Does the description disclose side effects, auth requirements, rate limits, or destructive behavior?

With no annotations provided, the description carries full burden. It discloses the return format (JSON list with packages) and default/max values for 'limit', which is useful behavioral context. However, it doesn't mention pagination behavior, rate limits, authentication requirements, or error conditions that would be important for a search operation.

Agents need to know what a tool does to the world before calling it. Descriptions should go beyond structured annotations to explain consequences.

Conciseness5/5

Is the description appropriately sized, front-loaded, and free of redundancy?

Well-structured with a clear purpose statement followed by organized parameter documentation and return format. Every sentence earns its place, with no redundant information. The description is appropriately sized for a 6-parameter search tool.

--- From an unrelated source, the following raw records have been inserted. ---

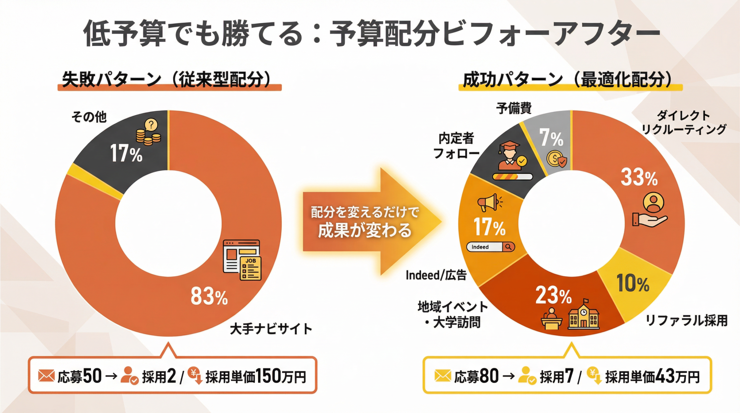 → ✅ 現実:予算200万円でも、ダイレクトリクルーティング・リファラル採用で年間5〜7名採用している中小企業は多数存在。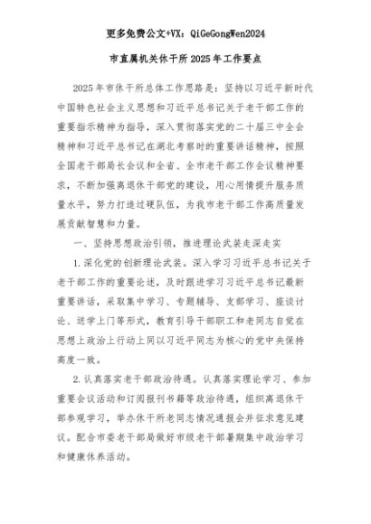 【七哥公文】2025年:市直属机关休干所2025年工作要点+更多免费公文+VX:QiGeGongWen2024+更多免费公文+VX:QiGeGongWen2024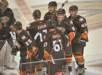 Ducks center Rickard Rakell (67) celebrates with teammates his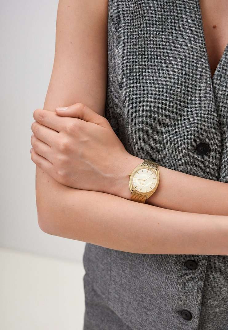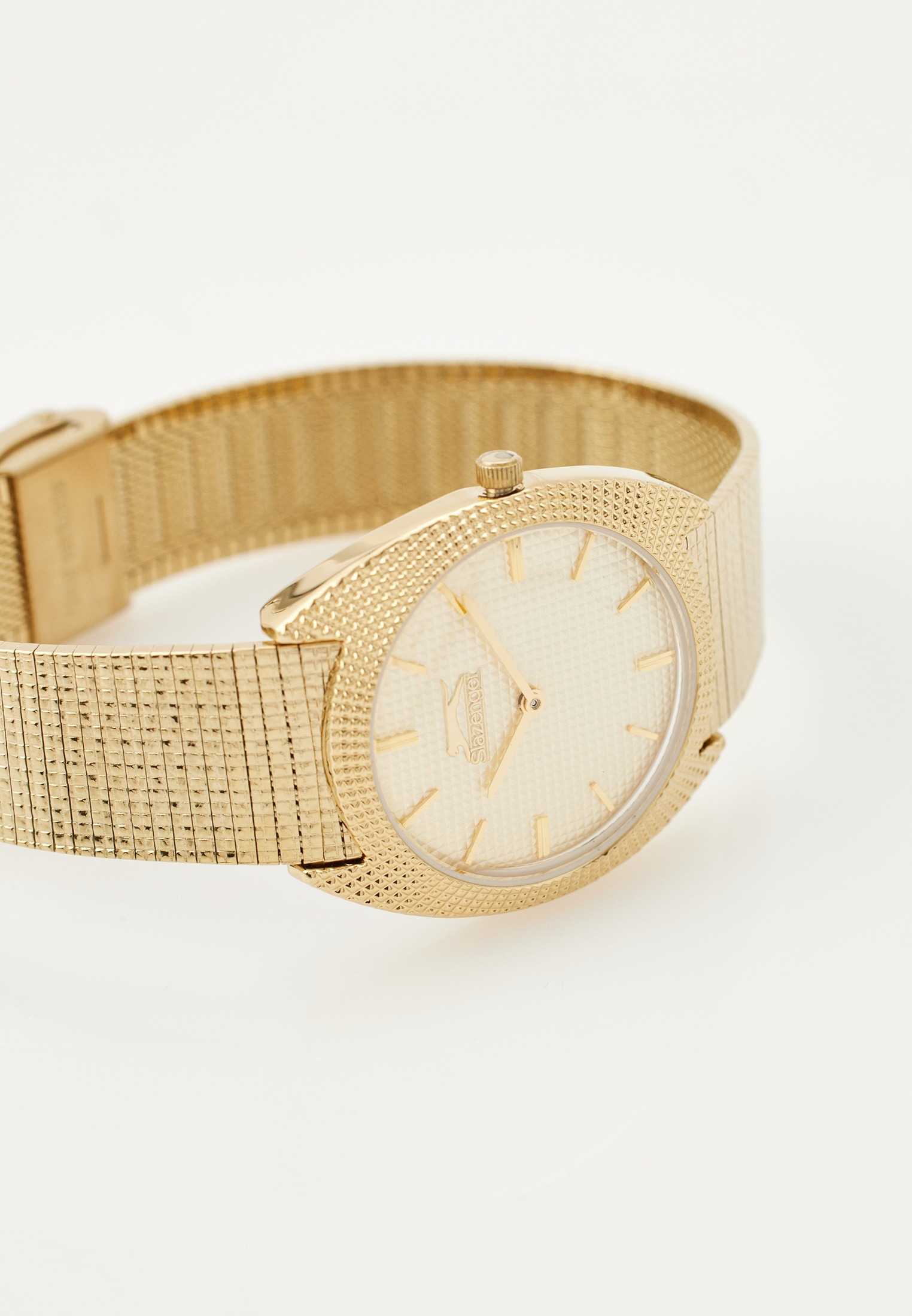 Часы Slazenger SL.09.2261.3.03 — это утонченное сочетание современного дизайна и классической элегантности. Изделие оснащено надежным кварцевым механизмом, который обеспечивает точность хода и простоту эксплуатации. Корпус из суперметалла с золотистым IP-покрытиемIP-покрытиеМетод ионного напыления. Демонстрирует повышенную устойчивость к истиранию, окислению и химическим веществам. Под воздействием высокого давления и температуры около 1500°C молекулы металла надёжно соединяются с частицами корпуса часов. гармонично сочетается с металлическим браслетом аналогичного оттенка и покрытия, подчеркивая изысканность аксессуара и его актуальность в модных тенденциях. Золотистый циферблат украшен изысканным гильоше Clous de Paris и дополнен лаконичными метками в виде штрихов, а также фирменным логотипом бренда. Минеральное стеклоМинеральное стеклоМинеральное стекло представляет собой искусственно выращенный минерал кварца. Такое стекло отличается особой устойчивостью к повреждениям и царапинам. Уступает по некоторым качествам сапфировому стеклу. надежно защищает циферблат от случайных царапин. Диаметр корпуса составляет 34 мм, толщина — 8 мм, ширина браслета — 18 мм, а вес часов — всего 54 г, благодаря чему аксессуар удобно сидит на запястье. Стальной браслет c раскладным замкомРаскладной замокДанный вариант застежки используется только на часах с металлическим браслетом. Отличительная особенность такого крепления в том, что длина браслета становится универсальной и вы можете самостоятельно отрегулировать нужный вам размер – застежка просто двигается по браслету часов. удобно фиксируется на запястье и подчёркивает современный характер часов. Водозащита 30WR позволяет не беспокоиться о случайных брызгах. Модель отличается отсутствием секундной стрелки и оснащена рифленой заводной головкой для легкой корректировки времени. Эти часы станут стильным завершением любого образа, подчеркивая индивидуальность и чувство вкуса обладателя.
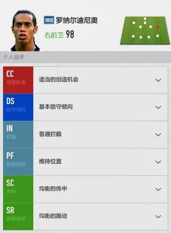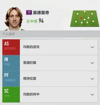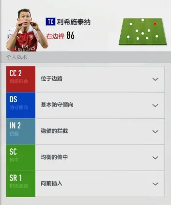 边锋我一般会把CC调成位于边路,我感觉游戏里边锋太容易向里跑了…,有时候边路找不着人。SR我会调成向前插入,这样我打的顺手一些。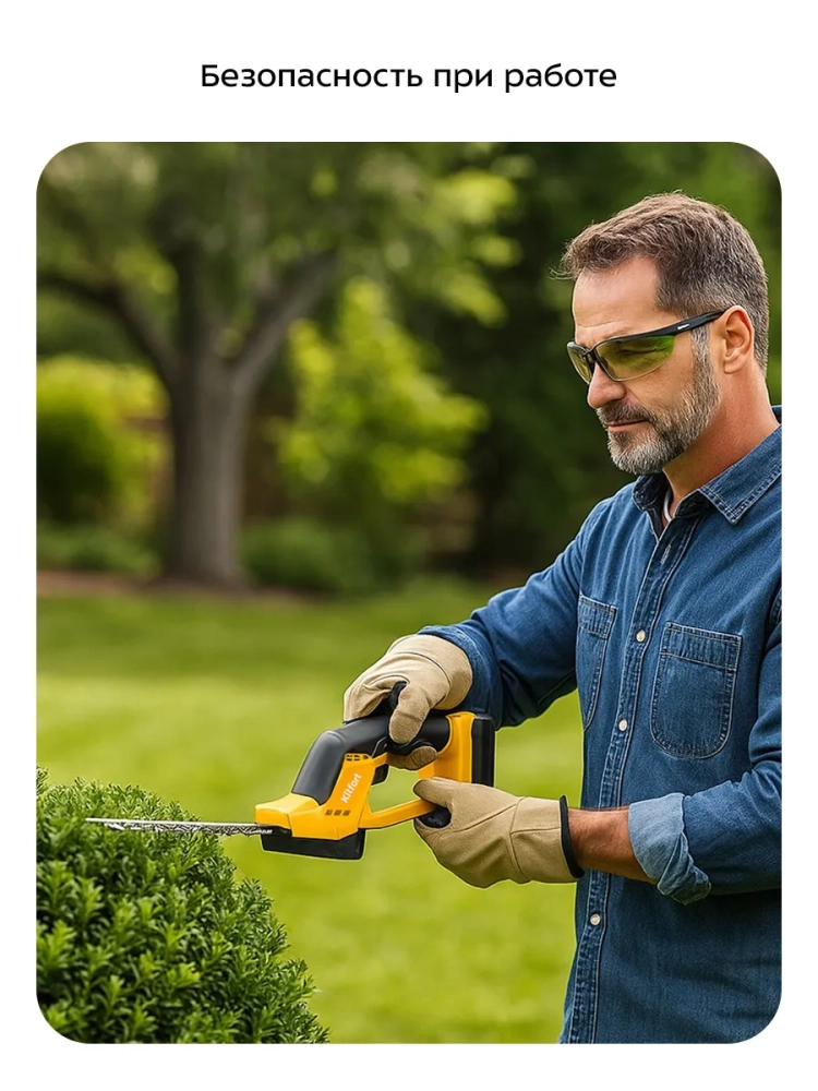 Кусторез прост в использовании, им легко работать за счет небольшого веса. Эргономичная прорезиненная рукоятка удобно лежит в руке и не скользит во время работы. Благодаря высокой скорости лезвий (1350 ход/мин) процесс обрезки кустарника не занимает много времени.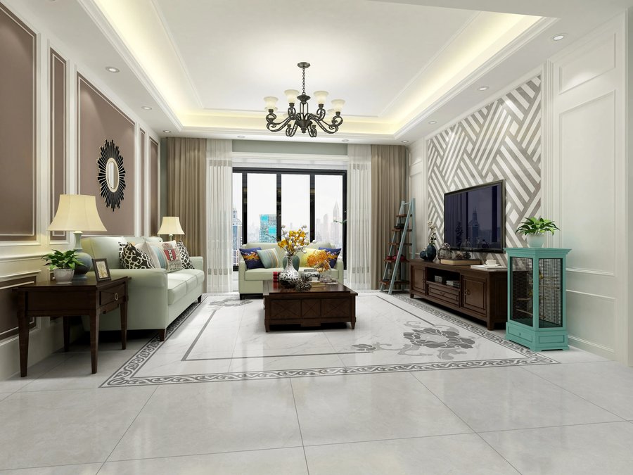 1、客厅地砖颜色搭配

Shorter descriptions cost fewer tokens and are easier for agents to parse. Every sentence should earn its place.

Completeness4/5

Given the tool's complexity, does the description cover enough for an agent to succeed on first attempt?

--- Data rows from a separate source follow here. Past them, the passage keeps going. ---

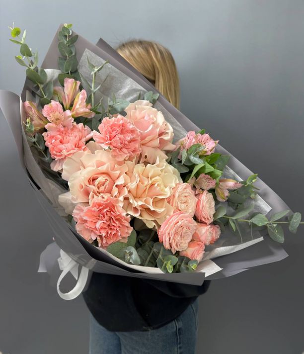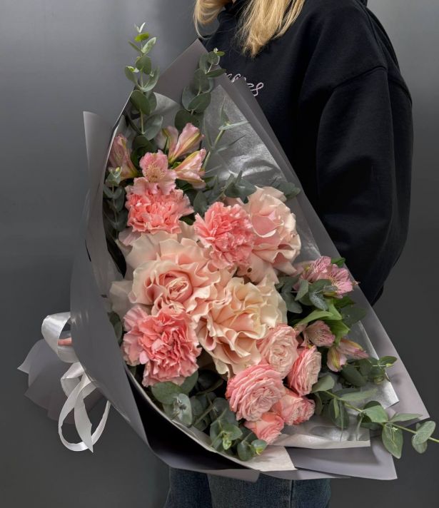 Французские розы 3шт Диантус розовый 3шт Альстромерия 2шт Эвкалипт 3шт Дизайнерская упаковка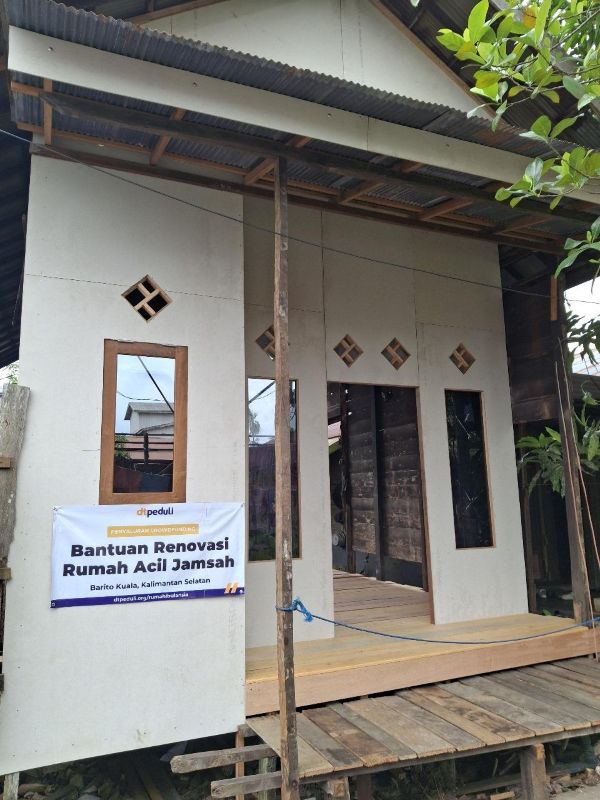 DTPEDULI.ORG | BARITO KUALA – DT Peduli Kalimantan Selatan meresmikan tahap pertama renovasi rumah Jamsah yang akrab disapa Acil Jamsah, di Barito Kuala, pada Jumat (12/9/2025). Program ini merupakan wujud nyata komitmen DT Peduli dalam menghadirkan hunian layak bagi masyarakat kurang mampu.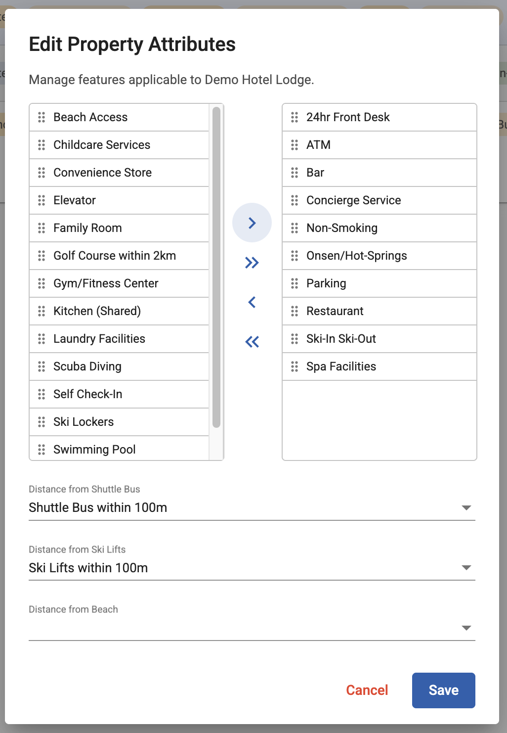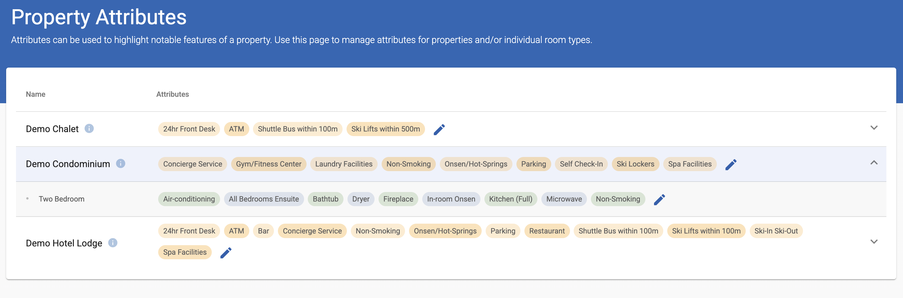 The Property Attributes page allows you to assign key features such as Onsen/Hot-Spring, Ski-in Ski-Out, or Parking to accommodation properties and room types.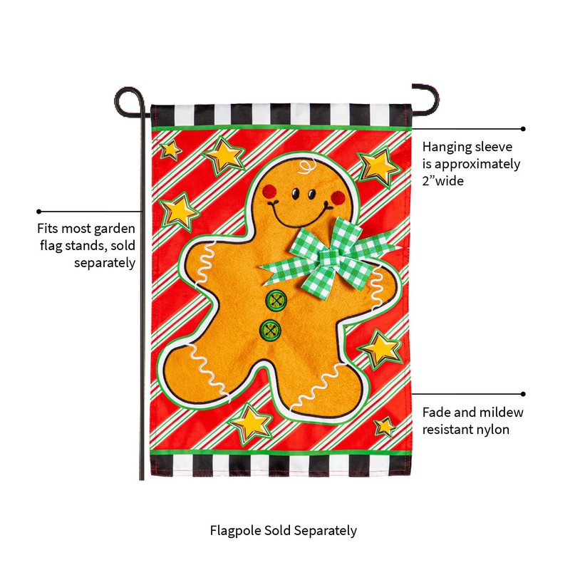 Evergreen Flag Patterned Gingerbread Man Applique Garden Flag | 12x18 Inches Double Sided Christmas Garden Flag for Outside | Weather and Fade Resistant | Outdoor Flag Décor for Home, Yards and

Given the tool has an output schema (true), the description doesn't need to explain return values in detail. It provides adequate parameter documentation and behavioral context for a search operation. The main gap is lack of guidance on when to use versus sibling tools, but otherwise fairly complete for its complexity.

Complex tools with many parameters or behaviors need more documentation. Simple tools need less. This dimension scales expectations accordingly.

Parameters4/5

Does the description clarify parameter syntax, constraints, interactions, or defaults beyond what the schema provides?

Schema description coverage is 0%, so the description must compensate. It provides clear explanations for all 6 parameters, including the required 'query' parameter, default values, optional filters, and clarifies what 'inrepo' and 'notinrepo' mean. This adds significant meaning beyond the bare schema.

Input schemas describe structure but not intent. Descriptions should explain non-obvious parameter relationships and valid value ranges.

Purpose4/5

Does the description clearly state what the tool does and how it differs from similar tools?

The description clearly states the tool searches for projects by name substring, providing a specific verb (search) and resource (projects). It distinguishes from siblings like 'list_projects' by specifying substring matching, but doesn't explicitly contrast with other search-related siblings like 'get_project'.

Agents choose between tools based on descriptions. A clear purpose with a specific verb and resource helps agents select the right tool.

Usage Guidelines2/5

Does the description explain when to use this tool, when not to, or what alternatives exist?

No guidance on when to use this tool versus alternatives like 'list_projects' or 'get_project' is provided. The description only states what the tool does, not when it's appropriate versus other available tools on the server.

Agents often have multiple tools that could apply. Explicit usage guidance like "use X instead of Y when Z" prevents misuse.